Work required: Please give the lines below again exactly as they stand, from the one that contains "网友:看起来很酷!看来我需要去中国看看他们未来的作品!" up to and including the one that contains "Образец: her umbrella", leaving all pictures out.

(Beginning of Data supplied)

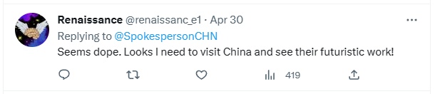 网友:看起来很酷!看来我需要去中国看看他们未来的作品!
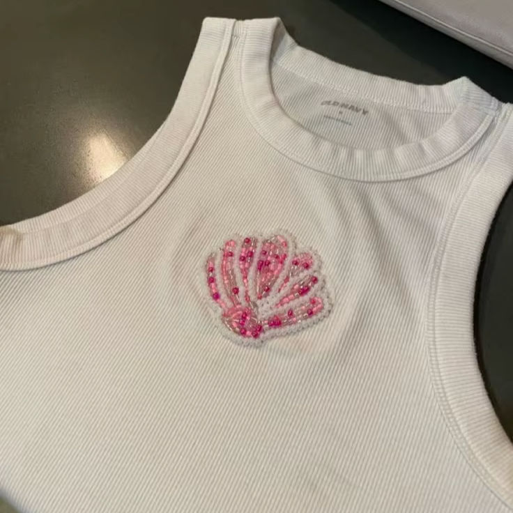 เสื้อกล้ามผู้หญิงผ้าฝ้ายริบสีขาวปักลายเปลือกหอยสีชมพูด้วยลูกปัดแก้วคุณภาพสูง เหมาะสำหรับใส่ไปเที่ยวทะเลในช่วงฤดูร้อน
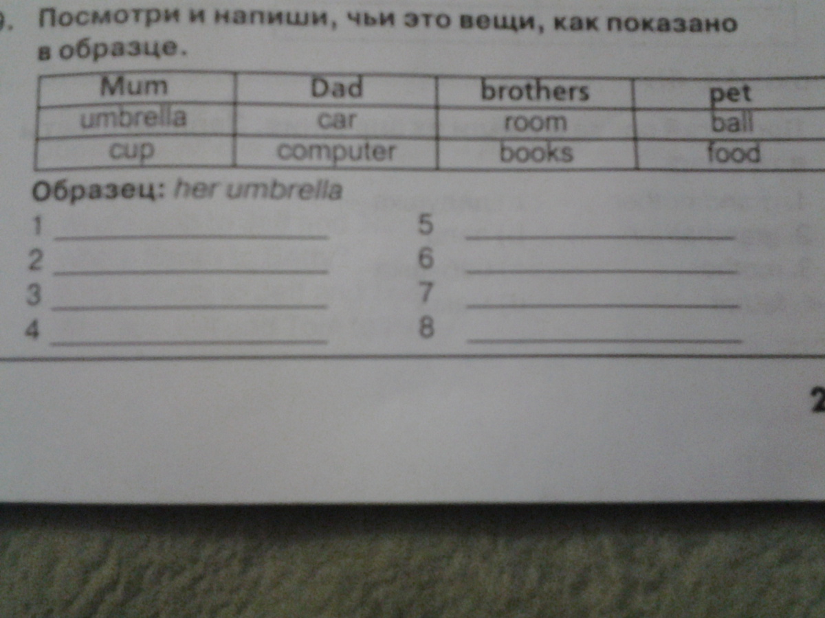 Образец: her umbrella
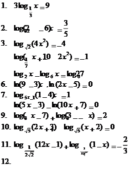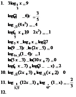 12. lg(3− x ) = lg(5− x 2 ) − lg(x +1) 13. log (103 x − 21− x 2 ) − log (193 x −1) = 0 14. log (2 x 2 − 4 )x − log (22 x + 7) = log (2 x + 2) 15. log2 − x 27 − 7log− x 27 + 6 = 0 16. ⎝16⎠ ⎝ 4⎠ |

(End of Data supplied)
(Beginning of Data supplied)

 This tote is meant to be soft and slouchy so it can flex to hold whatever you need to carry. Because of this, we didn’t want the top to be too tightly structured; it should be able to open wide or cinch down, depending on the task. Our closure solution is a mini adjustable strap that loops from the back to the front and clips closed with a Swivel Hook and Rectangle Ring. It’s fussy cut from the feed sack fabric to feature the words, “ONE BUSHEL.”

(End of Data supplied)
(Beginning of Data supplied)

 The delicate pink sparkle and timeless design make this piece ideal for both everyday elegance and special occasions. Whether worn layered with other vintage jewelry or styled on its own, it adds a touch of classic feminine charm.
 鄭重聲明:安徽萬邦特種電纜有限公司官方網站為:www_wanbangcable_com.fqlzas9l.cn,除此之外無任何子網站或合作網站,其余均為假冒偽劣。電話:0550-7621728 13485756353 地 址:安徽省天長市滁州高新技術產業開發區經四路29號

(End of Data supplied)

Task response:
 网友:看起来很酷!看来我需要去中国看看他们未来的作品!
 เสื้อกล้ามผู้หญิงผ้าฝ้ายริบสีขาวปักลายเปลือกหอยสีชมพูด้วยลูกปัดแก้วคุณภาพสูง เหมาะสำหรับใส่ไปเที่ยวทะเลในช่วงฤดูร้อน
 Образец: her umbrella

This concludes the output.